While sales are yet to quite match the hype (Mazda moved 439 in its first three weeks on sale), there is clearly a buzz around the brand’s biggest SUV.

Mazda’s designers have pulled off a nifty trick in disguising the raw bulk of the CX-9 Sport behind its wide-but-low bonnet and high window line.

The CX-9 Sport AWD (also available in FWD) we’ve tested here marks the entry point to the range, sitting below the Touring, GT and top-spec Azami trim levels, but it arrives armed with a long list of included equipment and an impressive array of as-standard safety tech.


Let’s start with the obvious: the CX-9 Sport is a lot of car. It seats seven, which makes perfect numerical sense, and isn’t to be confused with the MX-5, that seats two, or the old CX-7, which seated five.

But Mazda’s designers have pulled off a nifty trick in disguising the raw bulk of the CX-9 Sport behind its wide-but-low bonnet and high window line. Viewed in isolation, it just doesn’t look like a seven-seater, and it’s not until you park it next to something smaller that you realise how big it really is – impressive for a car that measures five metres long, 1.9-metres tall and 1.7 metres high, and that weighs almost two tonnes.

It is, dare we say it, rather handsome, with its powerful front-end and swept-back body styling lending the CX-9 Sport an almost athletic road presence.

And there are no obvious visual cues you’re driving the base-model vehicle, either. The Sport sits on 18-inch alloys, and is equipped with halogen daytime running lights at the front, and LED taillights at the rear. The windows are appropriately tinted and the wing-mirrors appropriately body-coloured, too. In fact, apart from the bigger alloys sported by the more expensive models, the Sport doesn’t want for much in the looks department.

There’s thoughtfulness to the cabin design, too. The wheels and dials that control the air-con or the multimedia system, for example, all make a satisfying ‘click’ when you turn them, and when searching for a particular street, the sat nav automatically detects the suburb you’re in so you don’t have to type it in. They sound like the tiniest of things, but they all add to the feeling of quality in the cabin.

The CX-9 is a product of Mazda’s KODO design language, which is supposed to capture the “beauty of motion that animals show in the wild”, which goes someway to explaining why, when viewed head-on, the front grille looks for all money like the wide-open mouth of a whale shark preparing for dinner. It’s the only angle from which the CX-9 doesn’t impress, with that smiling front-end that looks so cute on smaller models taking on Luna Park-esque proportions on the brand’s biggest SUV.

Engine and transmission

There is only one engine/transmission combination available across the CX-9 range, including the Sport, with Mazda ditching the 3.7-litre V6 from the outgoing model and replacing it with a turbocharged 2.5-litre four-cylinder engine, paired with a six-speed automatic transmission.
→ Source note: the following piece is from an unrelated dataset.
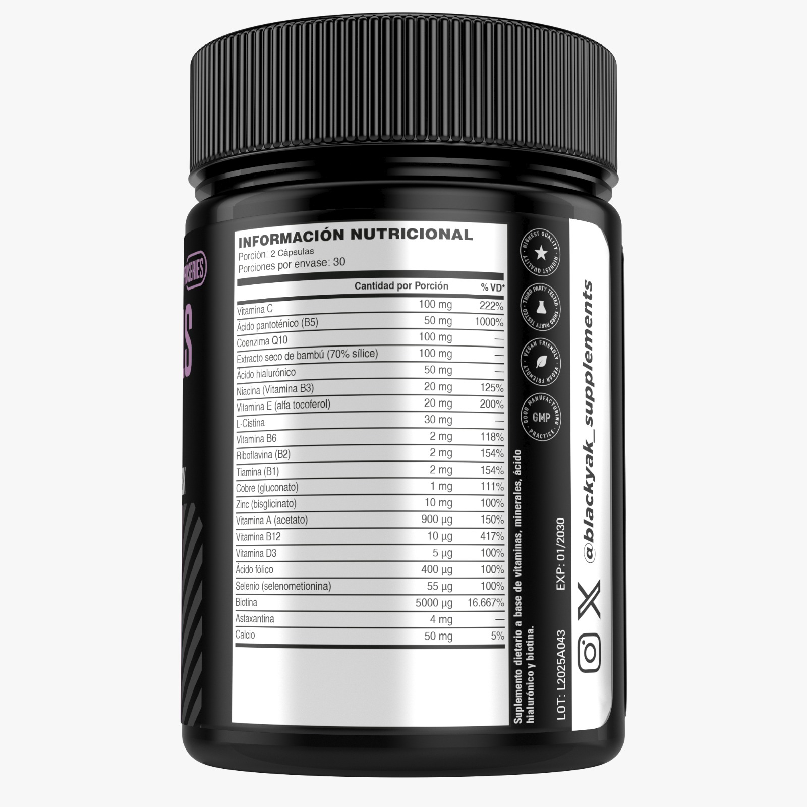 Hair, Nails & Skin Ultimate Complex es un suplemento avanzado formulado para nutrir desde el interior el cabello, las uñas y la piel. Combina vitaminas, minerales, antioxidantes y aminoácidos clave que trabajan en conjunto para mejorar la apariencia y la fortaleza día a día.

Seven seats are a given, but the Sport adds plenty of other niceties like shopping bag hooks in the boot, climate control for both the front and middle seats, and a first-in-class third row top tether point. Each row gets two cup holders, bringing the total count to six, with more room for bottles in the door pockets.

Space for second-row passengers is ample, but the third row is best left to the kids. There’s actually less room in the back row than in the outgoing model, with shoulder, hip and leg room all dropping slightly. Fortunately, the driver’s seat is so far away you’re unlikely to hear the kids complaining.

The second row seats split 60/40, while the third row splits 50/50 via a pull strap accessible from the boot. Third row up, you’ll get 230-litres of boot space (which won’t be anywhere near enough for a full grocery shop), and with the rear seats folded flat you’ll get a far more useable 810 litres. Flatten the second and third row of seats and you’ll get a cavernous 1,641 litres.

Price and features

The CX-9 Sport AWD we’ve tested wears a $46,490 list price, though that drops to $42,490 if you opt for the FWD version. And unless you really think you’ll need all-wheel drive, that $4,000 is money better off in your pocket.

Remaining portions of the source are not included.